■ **Exercise**:
Below are the entries; return every line among them that holds the word "white".

[Items from a data source]
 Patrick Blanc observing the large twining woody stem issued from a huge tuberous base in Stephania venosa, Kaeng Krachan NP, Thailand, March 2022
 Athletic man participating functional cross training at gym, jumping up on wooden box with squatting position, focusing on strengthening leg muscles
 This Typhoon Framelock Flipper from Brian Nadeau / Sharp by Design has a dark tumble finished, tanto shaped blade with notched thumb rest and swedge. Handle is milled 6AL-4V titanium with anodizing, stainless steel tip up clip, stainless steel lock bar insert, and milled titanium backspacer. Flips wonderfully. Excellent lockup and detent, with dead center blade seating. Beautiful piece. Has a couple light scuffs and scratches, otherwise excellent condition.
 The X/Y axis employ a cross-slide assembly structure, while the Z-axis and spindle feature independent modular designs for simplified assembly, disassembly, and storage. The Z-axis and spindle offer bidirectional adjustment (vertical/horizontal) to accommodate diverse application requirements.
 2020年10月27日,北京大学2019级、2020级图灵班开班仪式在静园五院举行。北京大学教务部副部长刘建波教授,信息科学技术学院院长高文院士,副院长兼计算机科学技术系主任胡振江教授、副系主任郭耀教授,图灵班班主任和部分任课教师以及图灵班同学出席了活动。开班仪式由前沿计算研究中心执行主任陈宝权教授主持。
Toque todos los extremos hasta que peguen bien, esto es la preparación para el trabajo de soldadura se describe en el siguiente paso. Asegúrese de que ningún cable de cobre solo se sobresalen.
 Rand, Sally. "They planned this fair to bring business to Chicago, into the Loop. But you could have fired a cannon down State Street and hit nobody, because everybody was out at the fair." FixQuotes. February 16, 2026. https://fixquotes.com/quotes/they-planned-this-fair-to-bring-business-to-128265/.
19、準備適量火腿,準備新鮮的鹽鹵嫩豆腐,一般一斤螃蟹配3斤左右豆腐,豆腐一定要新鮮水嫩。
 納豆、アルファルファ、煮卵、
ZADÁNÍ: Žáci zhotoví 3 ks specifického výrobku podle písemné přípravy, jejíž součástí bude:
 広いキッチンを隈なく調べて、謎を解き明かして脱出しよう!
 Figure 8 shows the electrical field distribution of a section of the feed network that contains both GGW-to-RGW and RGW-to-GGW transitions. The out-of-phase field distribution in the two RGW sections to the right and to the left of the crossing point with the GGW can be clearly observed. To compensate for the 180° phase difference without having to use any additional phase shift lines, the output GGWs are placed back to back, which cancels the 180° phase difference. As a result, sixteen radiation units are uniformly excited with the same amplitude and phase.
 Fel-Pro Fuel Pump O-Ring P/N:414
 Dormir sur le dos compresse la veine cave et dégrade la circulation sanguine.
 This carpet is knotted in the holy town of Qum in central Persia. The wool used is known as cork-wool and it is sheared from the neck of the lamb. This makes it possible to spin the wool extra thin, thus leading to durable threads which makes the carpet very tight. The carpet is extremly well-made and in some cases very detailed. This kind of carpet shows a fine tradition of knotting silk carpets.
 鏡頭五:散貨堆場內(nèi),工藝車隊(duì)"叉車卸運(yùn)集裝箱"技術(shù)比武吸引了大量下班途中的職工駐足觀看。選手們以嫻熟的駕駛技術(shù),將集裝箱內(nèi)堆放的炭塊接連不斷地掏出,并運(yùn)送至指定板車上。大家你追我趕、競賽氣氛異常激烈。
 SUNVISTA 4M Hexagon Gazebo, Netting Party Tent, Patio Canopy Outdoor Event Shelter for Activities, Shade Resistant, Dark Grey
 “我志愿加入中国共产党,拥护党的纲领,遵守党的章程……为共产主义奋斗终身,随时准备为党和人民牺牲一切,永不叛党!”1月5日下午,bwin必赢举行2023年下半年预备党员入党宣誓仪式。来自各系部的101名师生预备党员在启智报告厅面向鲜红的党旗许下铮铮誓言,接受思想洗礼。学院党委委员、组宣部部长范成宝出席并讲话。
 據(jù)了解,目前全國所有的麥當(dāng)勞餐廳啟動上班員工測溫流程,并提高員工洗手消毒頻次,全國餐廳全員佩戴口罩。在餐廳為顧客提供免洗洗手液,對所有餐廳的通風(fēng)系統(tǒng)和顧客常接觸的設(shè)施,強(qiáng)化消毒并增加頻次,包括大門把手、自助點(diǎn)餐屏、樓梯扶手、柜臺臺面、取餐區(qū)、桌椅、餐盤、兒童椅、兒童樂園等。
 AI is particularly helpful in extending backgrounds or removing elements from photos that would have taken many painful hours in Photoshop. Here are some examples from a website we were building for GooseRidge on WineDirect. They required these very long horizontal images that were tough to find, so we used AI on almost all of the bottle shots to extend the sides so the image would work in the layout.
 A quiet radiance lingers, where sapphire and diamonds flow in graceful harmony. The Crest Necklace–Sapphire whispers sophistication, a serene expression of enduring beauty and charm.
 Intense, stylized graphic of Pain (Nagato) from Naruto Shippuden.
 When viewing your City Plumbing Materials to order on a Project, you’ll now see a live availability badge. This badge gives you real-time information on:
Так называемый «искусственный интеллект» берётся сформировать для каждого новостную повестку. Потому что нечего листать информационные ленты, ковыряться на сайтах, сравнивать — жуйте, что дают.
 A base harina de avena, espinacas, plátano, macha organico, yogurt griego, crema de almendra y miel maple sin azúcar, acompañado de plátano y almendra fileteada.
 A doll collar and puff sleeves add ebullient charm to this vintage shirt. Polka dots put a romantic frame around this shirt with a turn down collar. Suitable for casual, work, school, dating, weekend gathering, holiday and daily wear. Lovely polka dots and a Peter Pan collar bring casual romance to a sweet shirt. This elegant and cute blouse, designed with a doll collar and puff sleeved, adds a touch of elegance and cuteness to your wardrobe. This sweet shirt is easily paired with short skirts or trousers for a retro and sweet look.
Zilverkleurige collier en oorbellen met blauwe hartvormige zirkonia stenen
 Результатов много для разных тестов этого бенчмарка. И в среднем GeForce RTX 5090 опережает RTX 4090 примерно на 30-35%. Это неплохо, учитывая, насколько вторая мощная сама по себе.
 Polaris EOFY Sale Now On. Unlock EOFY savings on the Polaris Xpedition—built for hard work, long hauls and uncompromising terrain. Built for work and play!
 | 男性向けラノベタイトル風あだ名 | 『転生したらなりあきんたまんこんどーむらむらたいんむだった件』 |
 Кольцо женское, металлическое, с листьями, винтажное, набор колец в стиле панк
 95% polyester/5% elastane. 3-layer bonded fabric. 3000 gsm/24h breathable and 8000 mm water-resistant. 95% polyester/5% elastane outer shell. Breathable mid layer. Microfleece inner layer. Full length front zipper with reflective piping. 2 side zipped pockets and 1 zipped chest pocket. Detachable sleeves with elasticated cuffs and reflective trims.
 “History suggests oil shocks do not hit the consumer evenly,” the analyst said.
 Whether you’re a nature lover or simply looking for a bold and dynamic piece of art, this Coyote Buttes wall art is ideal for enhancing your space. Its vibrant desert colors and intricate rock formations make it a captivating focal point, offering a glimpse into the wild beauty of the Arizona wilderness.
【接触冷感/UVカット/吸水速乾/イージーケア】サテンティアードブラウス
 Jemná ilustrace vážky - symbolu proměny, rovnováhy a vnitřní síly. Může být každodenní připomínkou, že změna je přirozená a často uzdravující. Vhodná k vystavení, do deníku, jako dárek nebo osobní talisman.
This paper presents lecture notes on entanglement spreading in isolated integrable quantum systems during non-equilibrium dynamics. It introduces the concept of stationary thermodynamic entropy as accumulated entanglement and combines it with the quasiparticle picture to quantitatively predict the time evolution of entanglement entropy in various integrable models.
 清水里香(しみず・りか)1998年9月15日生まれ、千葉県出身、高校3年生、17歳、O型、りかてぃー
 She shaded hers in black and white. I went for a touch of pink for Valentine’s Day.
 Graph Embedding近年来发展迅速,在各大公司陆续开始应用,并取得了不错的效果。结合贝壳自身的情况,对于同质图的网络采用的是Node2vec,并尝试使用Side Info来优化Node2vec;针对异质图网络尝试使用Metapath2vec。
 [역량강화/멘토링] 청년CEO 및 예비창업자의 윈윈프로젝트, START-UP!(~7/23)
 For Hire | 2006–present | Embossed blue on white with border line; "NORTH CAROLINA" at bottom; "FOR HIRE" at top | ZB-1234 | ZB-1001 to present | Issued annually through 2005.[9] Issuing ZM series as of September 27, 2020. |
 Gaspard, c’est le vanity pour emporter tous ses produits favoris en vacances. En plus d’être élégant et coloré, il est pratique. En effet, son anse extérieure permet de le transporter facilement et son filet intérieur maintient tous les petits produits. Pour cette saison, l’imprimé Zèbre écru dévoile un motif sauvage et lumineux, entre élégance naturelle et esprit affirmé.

■ **Task answer**:
 She shaded hers in black and white. I went for a touch of pink for Valentine’s Day.
 For Hire | 2006–present | Embossed blue on white with border line; "NORTH CAROLINA" at bottom; "FOR HIRE" at top | ZB-1234 | ZB-1001 to present | Issued annually through 2005.[9] Issuing ZM series as of September 27, 2020. |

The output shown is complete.